Cadfael lui parla des blessures que le jeune mort avait à la tête. Il lui expliqua quand cela s’était passé et lui rapporta presque mot pour mot le témoignage du gardien de Fuller. Elle resta sur sa mule, silencieuse, glacée, l’écoutant sans réagir, sauf quand il mentionna l’heure où cela s’était passé et la petite pièce condamnée, toute poussiéreuse, derrière les balles de laine. Elle aurait du mal à garder le silence et à s’en tenir à sa version. Un deuxième mort, fauché à la fleur de l’âge, par une erreur fatale qu’elle avait commise, et il y en avait encore un troisième qu’elle serait incapable de sauver, maintenant qu’ils étaient si près de la vérité.
Ils arrivèrent à la porte et s’engagèrent sous la voûte. La pente de la Wyle était raide et les mules ralentirent encore ; personne ne chercha à les pousser.
— Et ce n’est pas tout. Vous vous rappelez sans doute le matin où on a retrouvé frère Eluric, et le moulage que j’ai relevé d’une empreinte de botte sur le sol. Celles que nous avons retirées à Bertred quand nous l’avons ramené à l’abbaye, la gauche... correspond à la trace.

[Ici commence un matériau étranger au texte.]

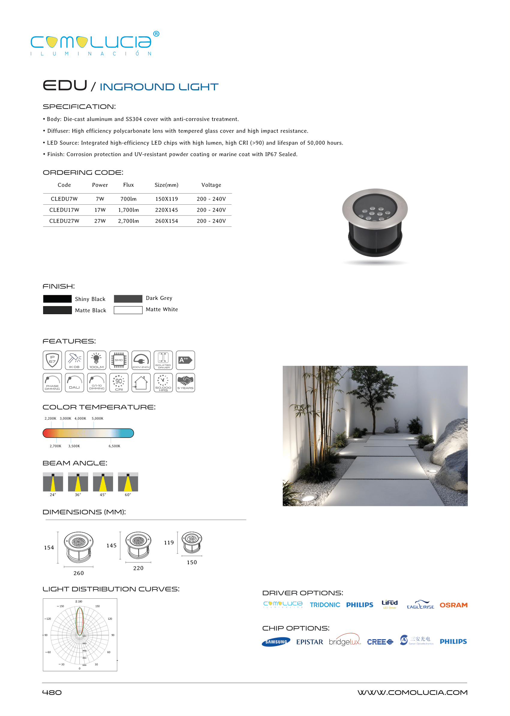 - LED Source: Integrated high-efficiency LED chips with high lumen, high CRI (>90) and lifespan of 50,000 hours.

— Quoi ! s’exclama-t-elle, bouleversée, incrédule. C’est impossible ! Ce doit être une erreur épouvantable.
— Il n’y a pas d’erreur, ni de possibilité d’erreur. Tout concorde parfaitement.
— Mais pourquoi ? Enfin, quelle raison Bertred aurait-il eue de vouloir couper mon rosier ? Et pourquoi aurait-il poignardé ce jeune moine ?
Et d’une voix perdue, lointaine, presque pour elle, elle ajouta :
— Il ne m’a pas parlé de tout cela !
Cadfael se tint coi, mais elle savait qu’il avait entendu. Au bout d’un moment, elle rompit le silence.
— Je vais tout vous dire. Il vaudrait mieux se dépêcher. Il faut que je voie Hugh Beringar.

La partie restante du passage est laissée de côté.